Le ministre iranien des Affaires étrangères, Seyed Abbas Araghchi, a annoncé l’ouverture du détroit d’Hormuz à tous les navires commerciaux le 17 avril. Cette déclaration intervient dans le cadre de la trêve de 10 jours entre Israël et le Liban, entrée en vigueur aujourd’hui.
L’ouverture reste néanmoins conditionnelle. Les navires doivent emprunter les itinéraires coordonnés établis par l’Organisation iranienne des ports et de la navigation maritime. Cet accès ne sera possible que pendant la durée restante de la trêve.
Le prix du pétrole recule grâce à la dissipation des craintes sur l’offre
L’annonce a aussitôt déclenché une vague de ventes sur les marchés de l’énergie.
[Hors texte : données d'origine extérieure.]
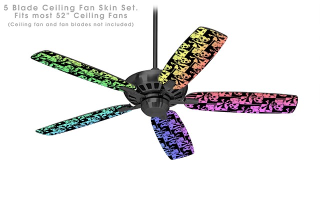 Skull Checker Rainbow - Ceiling Fan Skin Kit fits most 52 inch fans (FAN and BLADES SOLD SEPARATELY)
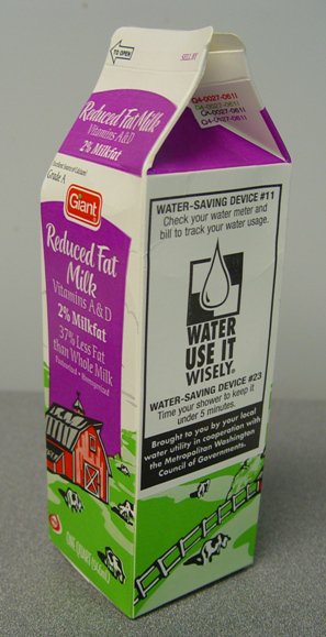Thousands of milk cartons will display water saving tips thanks to a new partnership between Giant Food and the region's Wise Water Use campaign. For more information on the Wise Water Use campaign, click here.
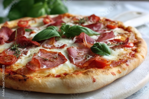 Delicious freshly baked pizza topped with sliced meats and fresh basil on a wooden board
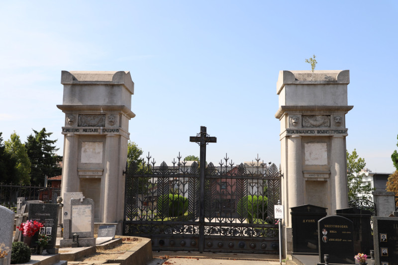 Italijansko vojno groblje je završeno 1931.godine. Na ovom su prostoru sahranjeni Italijanski dobrovoljci izginuli u 1. Svetskom ratu. Groblje je ograđeno masivnom ogradom od betona i kovanog gvoždja, a karakteriše ga i oživljena arhitektura svetog Rimskog carstva pomešana sa hrišćanskom simbolikom. Na Italijanskom vonom groblju je između ostalog postavljena spomen ploča sedmorici prvih dobrovoljaca pripadnika "Legije Garibaldinaca" koji su prebegli u Srbiju i borili se u redovima Zlatiborskog četničkog odreda u četi Vladimira Bana. Petorica ovih dobrovoljaca su poginuli u borbama na Babinoj Glavi kod Višegrada, tamo su i sahranjeni, ali njihova tela nisu nikada pronađena. Žrtvovanje ovih hrabrih boraca je trebalo da predstavlja okosnicu za formiranje Italijanskog vojnog groblja na Novom groblju u Beogradu.
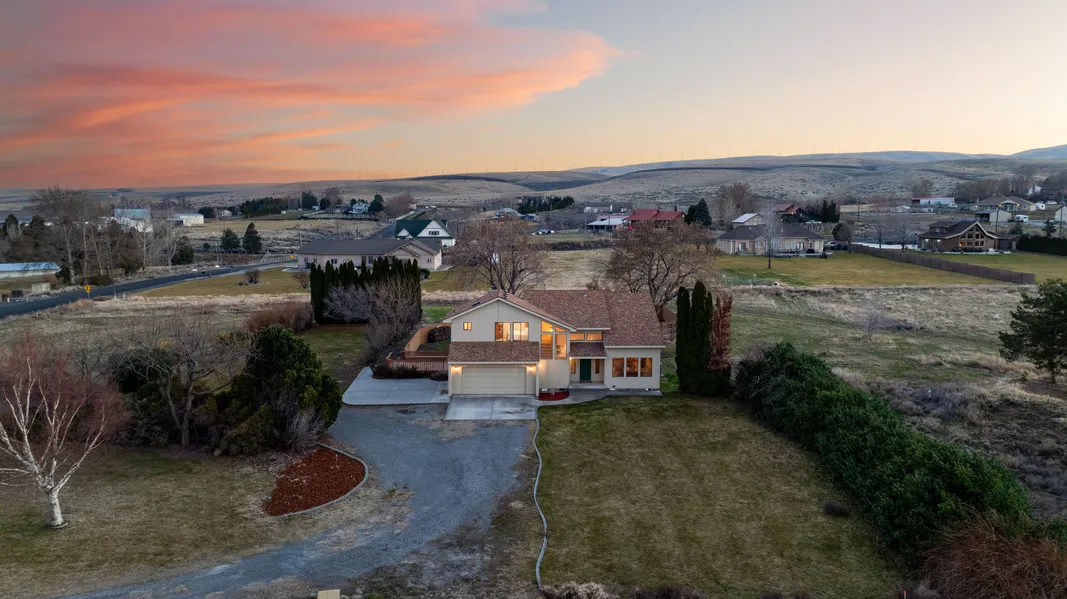 This meticulously maintained two-story home sits on 2.88 acres of irrigated land in East Kennewick, blending rural tranquility with modern convenience. Established trees and landscaping provide both shade and privacy when you need it most. With no HOA or CC&Rs, the property offers endless possibilities—build a workshop, pool, or pasture to suit your vision. Inside, 2,287 sq. ft. of thoughtfully designed living space ensures comfort and functionality. All three bedrooms are upstairs for privacy. The primary suite has been professionally renovated with new tile flooring, custom cabinetry, granite countertops, and a spa-like ensuite with premium finishes. Two additional spacious bedrooms and a newly updated full bathroom complete the second floor, which boasts brand-new flooring throughout. The main level offers a seamless flow between the formal living room, dining room, and kitchen. The k...
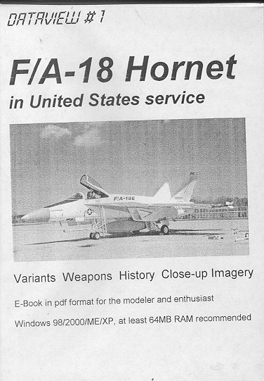 This is the first one in the 'Datafile' series and is on the F-18 Hornet in US Service. The e-book is in Adobe format and if you don't have the program, it can be downloaded for free from Adobe. The CD will not work on Windows 95 or older systems. Basically it is divided into an introduction on the development of the aircraft, then each of the major versions, a section on ordnance and finally a rather extensive bibliography.
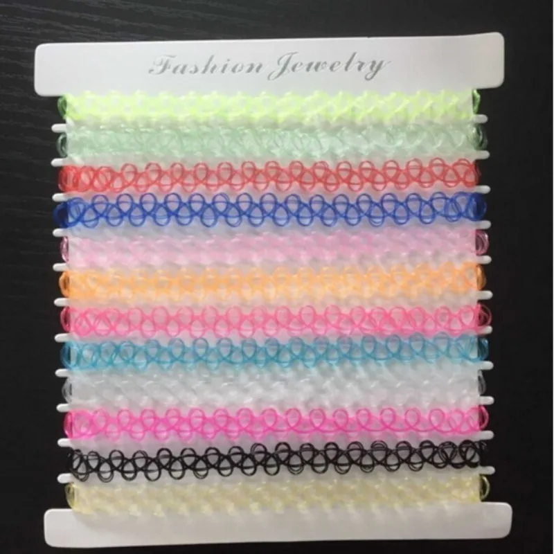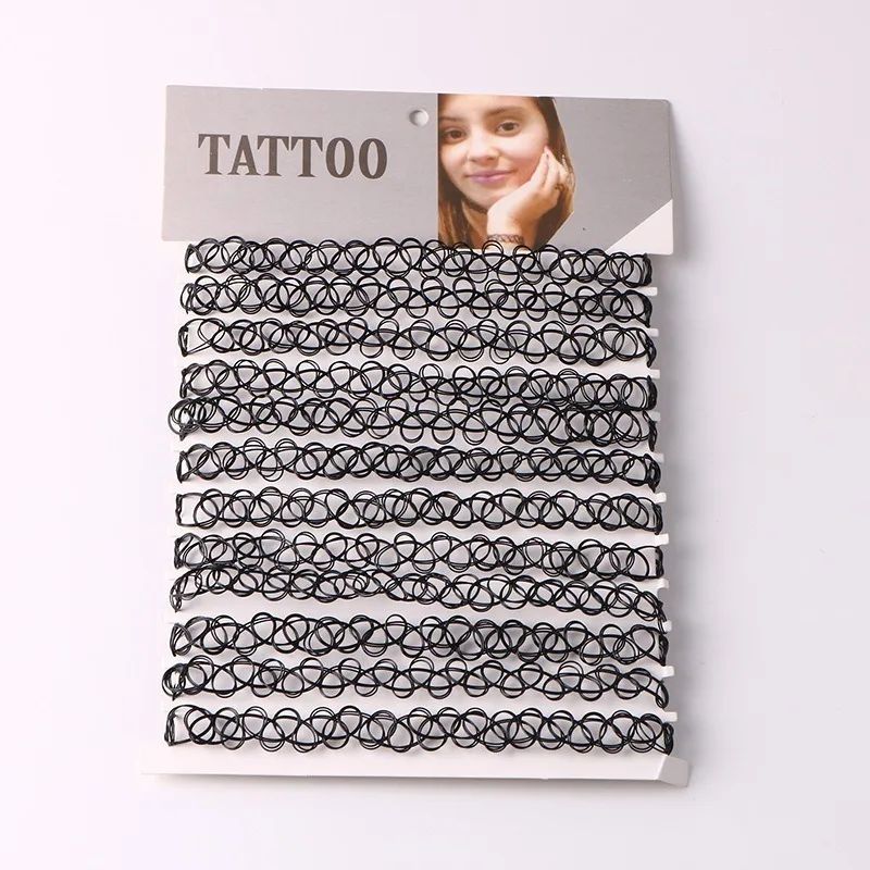 12 stücke Vintage Tattoo Collares Halskette Set Für Frauen Mädchen Elastische Schlüsselbein Kette Bunte Punk Gothic Stretch Halsband Spitze
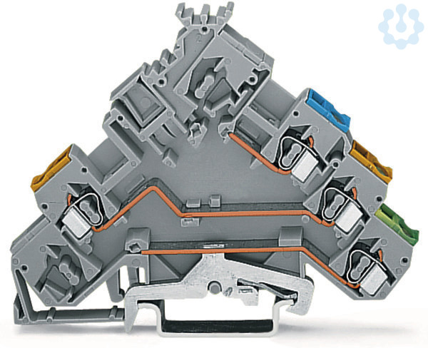 3-Leiter-Aktorenklemme. mit PE-Anschluss. mit farbig bedruckten Leitereinführungen. 2,5 mm². CAGE CLAMP®. 2,50 mm². grau

Le baril de Brent a chuté de 6,84 %, passant de 99,39 $ le 16 avril à environ 92 $. Le pétrole brut américain a perdu 7,04 % suivant la même tendance.
Le détroit d’Hormuz assure environ 20 % des expéditions mondiales quotidiennes de pétrole et de gaz naturel liquéfié par le biais de ce passage. L’Iran avait en pratique restreint la navigation dans cette voie maritime durant le conflit plus large, faisant dépasser les 100 $ au Brent plus tôt ce mois-ci.
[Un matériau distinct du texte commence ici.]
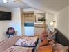 • Im Wohn-Essbereich befindet sich eine Schlafcouch mit integrierter Matratze für maximal 2 Personen (140 cm breit), Fernseher
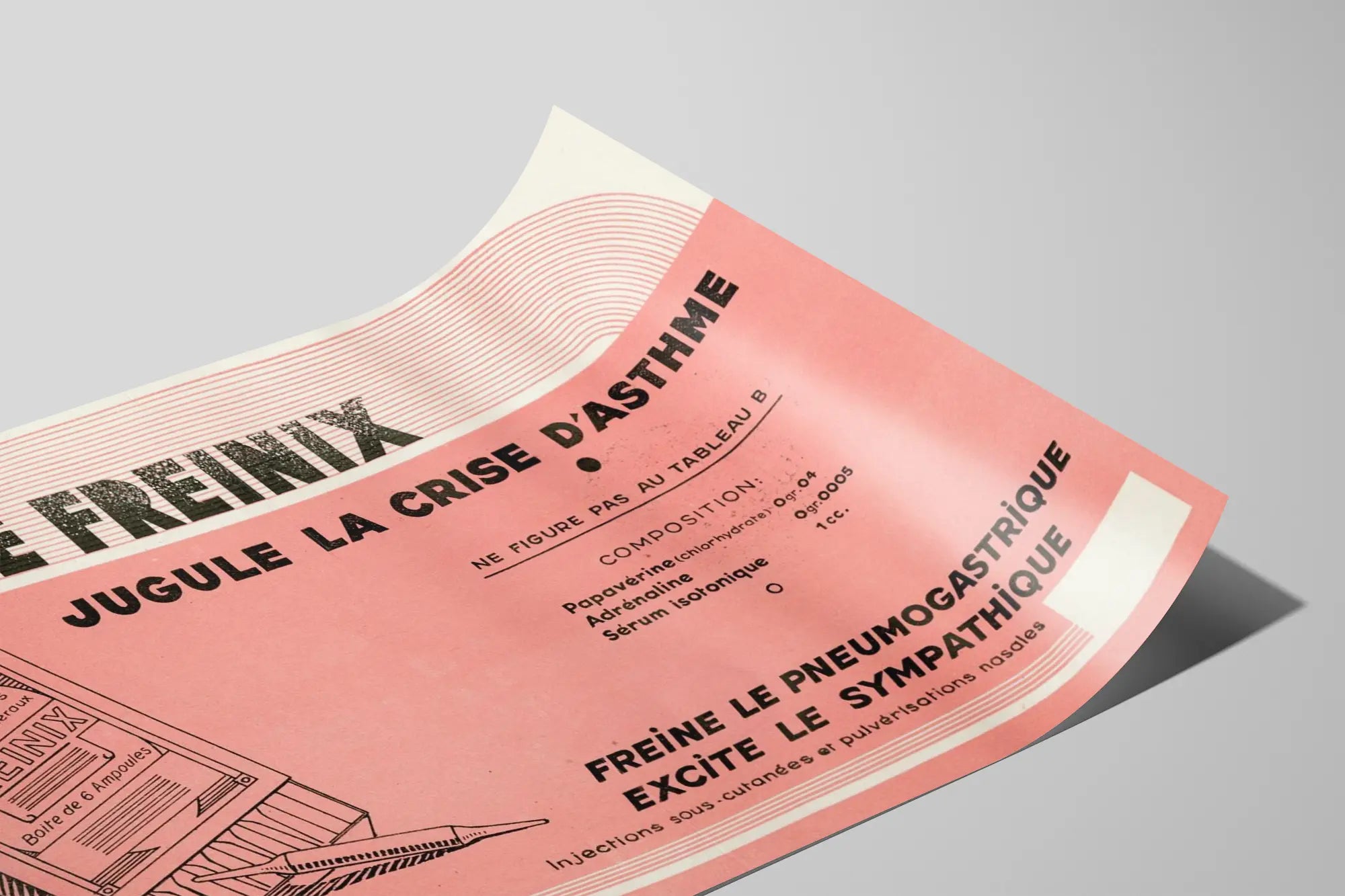 Cette affiche vintage présente Le Freinix, un produit conçu pour juguler la crise d'asthme ainsi que d'autres affections respiratoires telles que l'emphysème, le rhume des foins et les spasmes viscéraux. La composition indiquée comprend de la papavérine (chlorhydrate), de l'adrénaline et du sérum isotonique, détaillant une solution médicamenteuse administrée par injections sous-cutanées et pulvérisations nasales. La mise en page joue sur des contrastes de couleurs pastel avec un fond rose et des éléments graphiques en noir, incluant un dessin d'une boîte de six ampoules Freinix, soulignant un style rétro rappelant la publicité pharmaceutique du milieu du XXe siècle. Cette affiche est un élément de décoration murale unique, parfait pour les amateurs de design rétro et vintage qui souhaitent ajouter une touche d'originalité à leur intérieur. Son style typographique marqué, avec des caractères gras en noir sur fond coloré, renforce l'aspect publicitaire classique et authentique. Elle s'intègre parfaitement dans un salon, un bureau ou une salle d'attente pour créer une atmosphère à la fois historique et esthétique. En tant que poster, cette image vintage peut servir de point focal dans une décoration murale thématique ou servir d'objet de collection lié à la médecine ancienne et aux campagnes publicitaires classiques. Son format horizontal et équilibré facilite son intégration dans différents cadres ou sous verre, valorisant ainsi sa présence dans tout espace design. Les lignes graphiques arrondies en haut à droite apportent une dynamique visuelle intéressante et modernisent l'ensemble sans perdre l'esprit rétro. Choisir cette affiche comme décoration murale, c'est opter pour un objet qui ne se contente pas d'embellir un espace, mais qui raconte aussi une histoire, celle d'une époque où la publicité médicale prenait une place importante dans la communication visuelle. Elle peut également inspirer des aménagements vintage ou industriels, contribuant à une ambiance chaleureuse et originale. Son sujet, tourné vers une solution pour les crises d'asthme, confère une dimension informative et empathique, soulignant les préoccupations de santé publique anciennes. Ce poster représente donc une alliance entre esthétique, histoire et culture médicale, attirant les passionnés de décoration murale désireux d'ajouter une pièce authentique et pleine de caractère à leur collection.

Les marchés anticipaient déjà une résolution possible. Le pétrole est passé sous les 95 $ le 14 avril après que la Maison Blanche a laissé entendre des avancées dans les négociations entre les États-Unis et l’Iran.
Trump s’attribue le mérite, Bitcoin progresse
Le président américain Donald Trump a réagi rapidement sur Truth Social, écrivant que « le détroit d’Iran est complètement ouvert et prêt pour une circulation totale ». Il a d’ailleurs employé le terme « détroit d’Iran » au lieu de sa véritable appellation.
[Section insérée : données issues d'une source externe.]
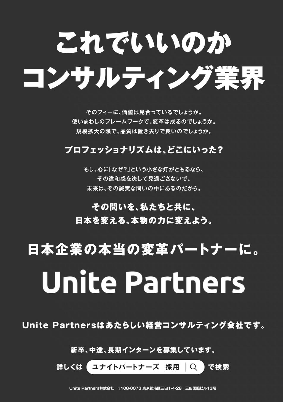 Unite Partnersは、長期にわたりお付き合い出来る、変革の良きパートナーとして認めていただけるよう、常にもっといいコンサルティングのあり方を追求し、お客様からの期待と信頼に応えて参ります。
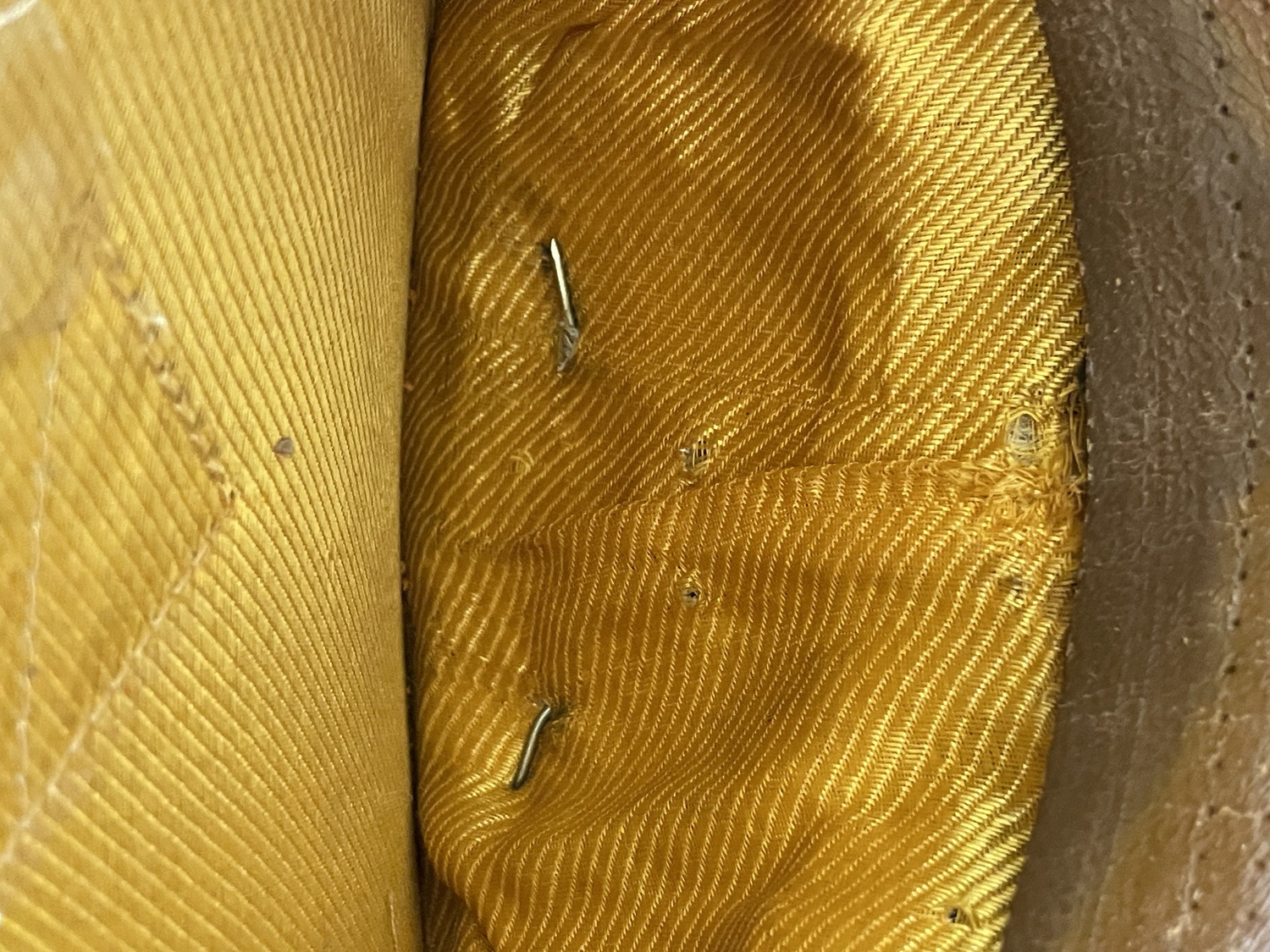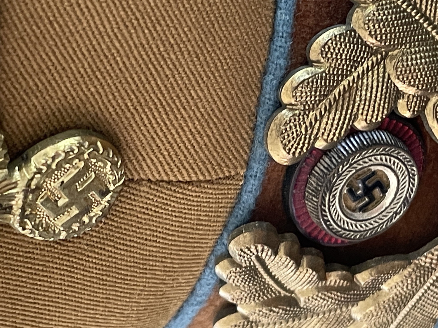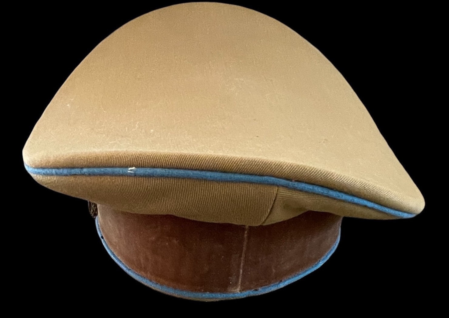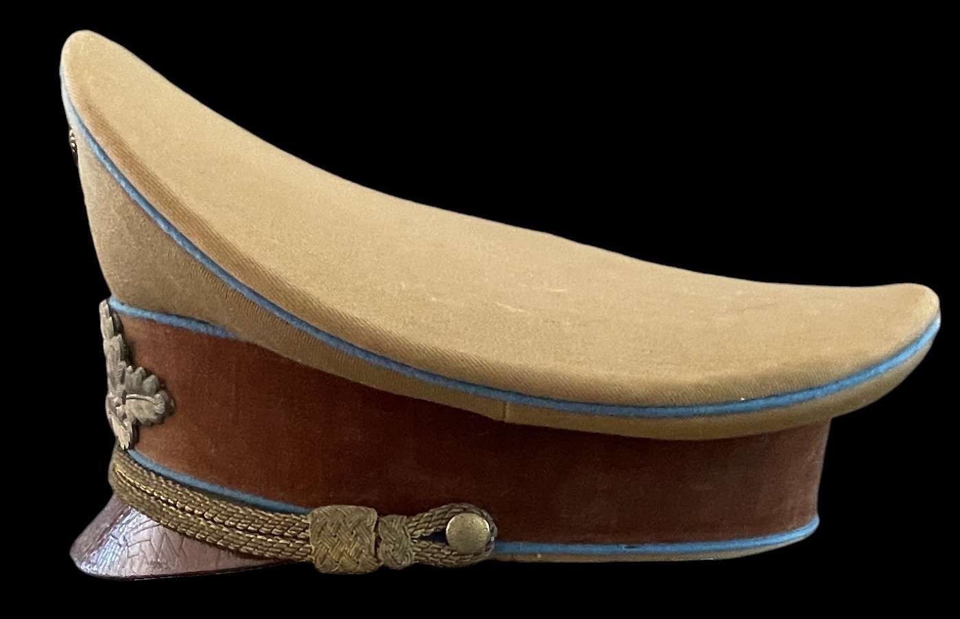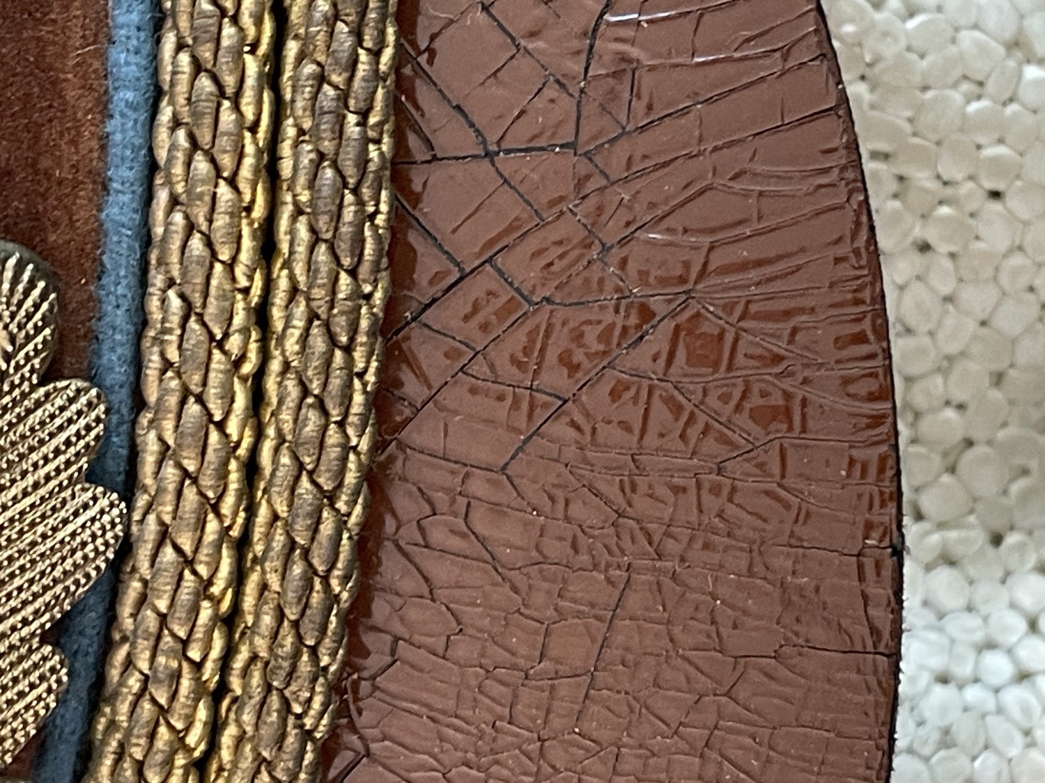 A highly impressive and original World War II German NSDAP Nazi Party Political LeaderÕs Visor Cap, correctly configured for the Ortsgruppe Local Group level. This cap embodies the distinctive paramilitary elegance of the Nazi Party leadership uniforms. The cap features a tan wool crown and a chocolate brown velvet cap band, beautifully accented by light blue piping Waffenfarbe , which definitively identifies the rank level as Ortsgruppe. The cap is adorned with high-quality gold-colored insignia, including the gilt metal National Eagle and the gilt metal oak leaf wreath surrounding the enamel tri-color cockade, indicating a Political Leader status. The chinstrap is a deluxe gold bullion cord, secured by two small gold pebble side buttons.The visor itself is made of brown lacquer-finished fiber, showing characteristic age cracking or crazing that is typical of period materials and confirms its originality. The interior is equally well-preserved, featuring a golden-yellow rayon lining and a diamond-shaped sweat shield beneath which the maker s logo, HP&C Stirndruckfrei forehead pressure-free, is visible, marking it as a high-quality, comfortable private purchase piece. The cap retains a desirable saddle shape and is in excellent overall condition, making it a highly desirable and visually stunning artifact for any collection of Third Reich political militaria.

La formulation de Trump suggère un accès sans restriction, bien que les conditions posées par l’Iran limitent l’ouverture à la période de trêve et à certains couloirs de navigation.
Au-delà du pétrole, d’autres marchés ont également réagi positivement. Bitcoin (BTC) a gagné 1,59 %, tandis que le S&P 500 avançait de 0,07 %, signe d’un basculement généralisé vers le risque sur les marchés.
Ce soulagement pourrait toutefois n’être que temporaire. La trêve entre Washington et Téhéran expire le 21 avril, et toute violation du cessez-le-feu au Liban pourrait remettre en question l’ouverture du détroit. Par ailleurs, les négociations plus larges sur le programme nucléaire iranien et les sanctions restent dans l’impasse.